## WORK TO BE COMPLETED
A full, exact copy of the listing is needed, with images omitted.

## GIVEN INFORMATION
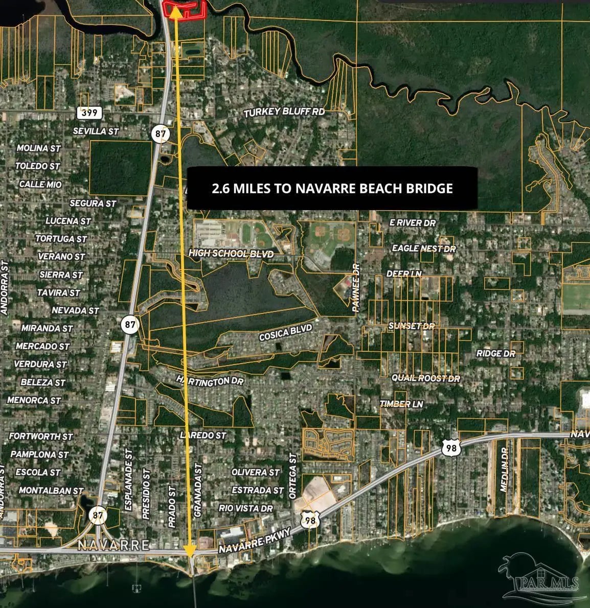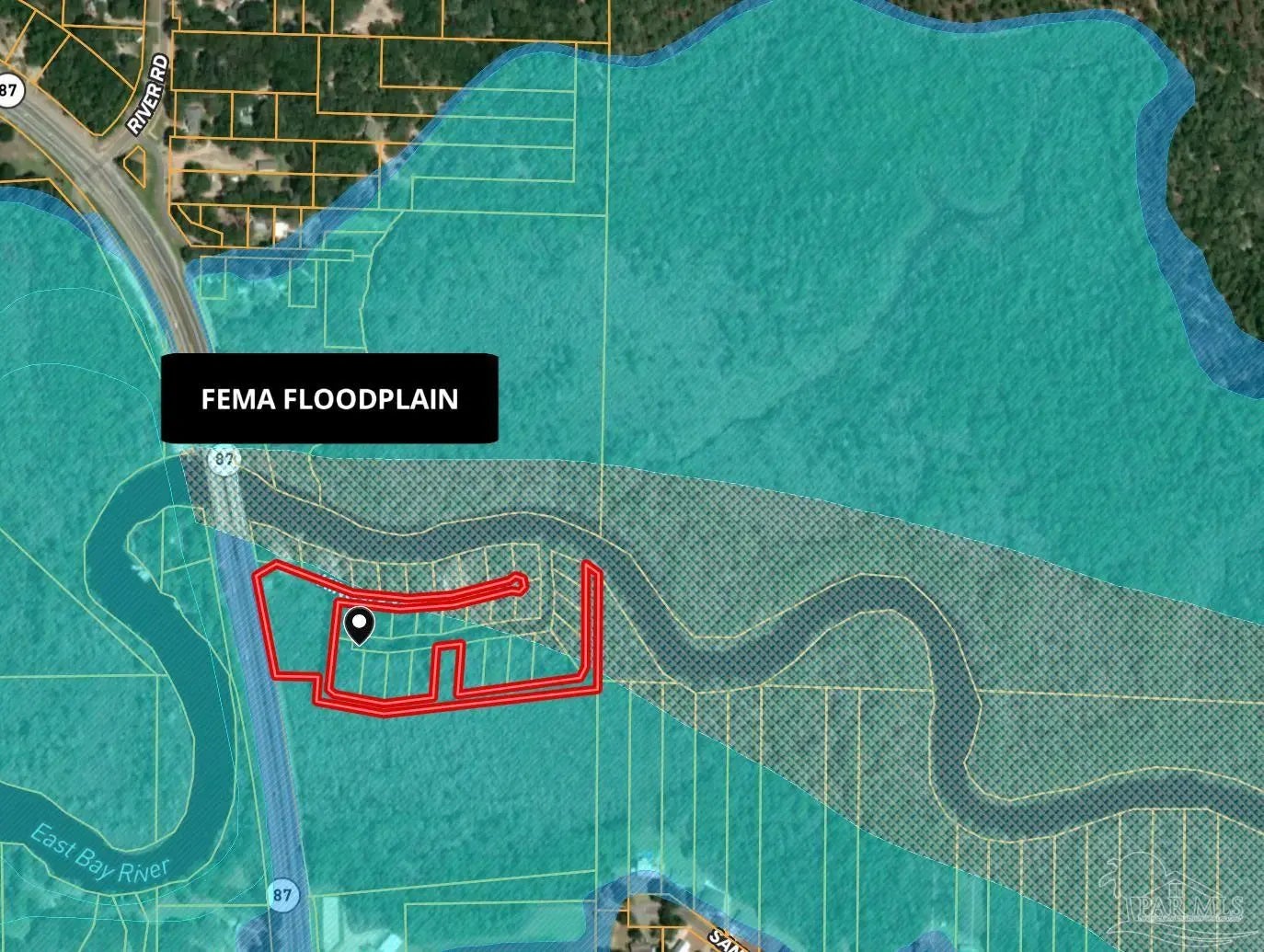 Rare Waterfront Opportunity in Navarre! Presenting 2.02 acres of prime waterfront land with incredible potential for development. This property features approximately 1 acre of buildable land—perfect for a custom single-family residence—while offering both privacy and convenience just off Highway 87. For boating enthusiasts, the East boat launch is right across the highway. The parcel includes 47 feet of East Bay frontage plus an additional 0.25-acre parcel with 75 feet of river frontage, providing expansive East Bay River views. Zoned R1M (Mixed Residential), the property allows for multiple residential possibilities. Situated within flood zone AE with an 8-foot elevation, this land provides extra security and peace of mind. Just 5 miles from Navarre Beach, you can enjoy the area’s renowned white sand beaches, shopping, and dining while living in a tranquil, natural setting. This is a rare chance to own waterfront property in one of Navarre’s most desirable and rapidly growing areas—the perfect spot for your dream home or a smart investment. Don’t miss out—schedule a showing and explore the possibilities today!
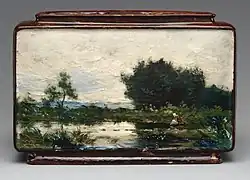 There were also close links with amateur china painting, which had become a very popular hobby, especially for middle-class women, in the same decades.[10] In London, the Regent Street jewellers Howell James & Co. became a leading showplace for both amateur and professional work, organizing exhibitions and competitions.[11]
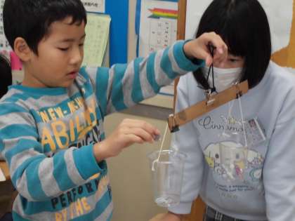 一円玉の枚数でも、重さを計って比べました。みんな、真剣です。
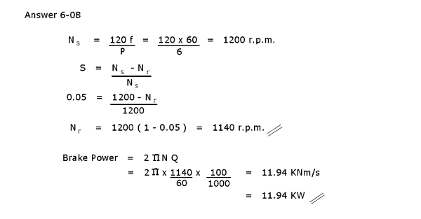 A 6-pole, three-phase, 415 V, 60 Hz, Induction

## ANSWER FOR THE TASK
 Rare Waterfront Opportunity in Navarre! Presenting 2.02 acres of prime waterfront land with incredible potential for development. This property features approximately 1 acre of buildable land—perfect for a custom single-family residence—while offering both privacy and convenience just off Highway 87. For boating enthusiasts, the East boat launch is right across the highway. The parcel includes 47 feet of East Bay frontage plus an additional 0.25-acre parcel with 75 feet of river frontage, providing expansive East Bay River views. Zoned R1M (Mixed Residential), the property allows for multiple residential possibilities. Situated within flood zone AE with an 8-foot elevation, this land provides extra security and peace of mind. Just 5 miles from Navarre Beach, you can enjoy the area’s renowned white sand beaches, shopping, and dining while living in a tranquil, natural setting. This is a rare chance to own waterfront property in one of Navarre’s most desirable and rapidly growing areas—the perfect spot for your dream home or a smart investment. Don’t miss out—schedule a showing and explore the possibilities today!
 There were also close links with amateur china painting, which had become a very popular hobby, especially for middle-class women, in the same decades.[10] In London, the Regent Street jewellers Howell James & Co. became a leading showplace for both amateur and professional work, organizing exhibitions and competitions.[11]
 一円玉の枚数でも、重さを計って比べました。みんな、真剣です。
 A 6-pole, three-phase, 415 V, 60 Hz, Induction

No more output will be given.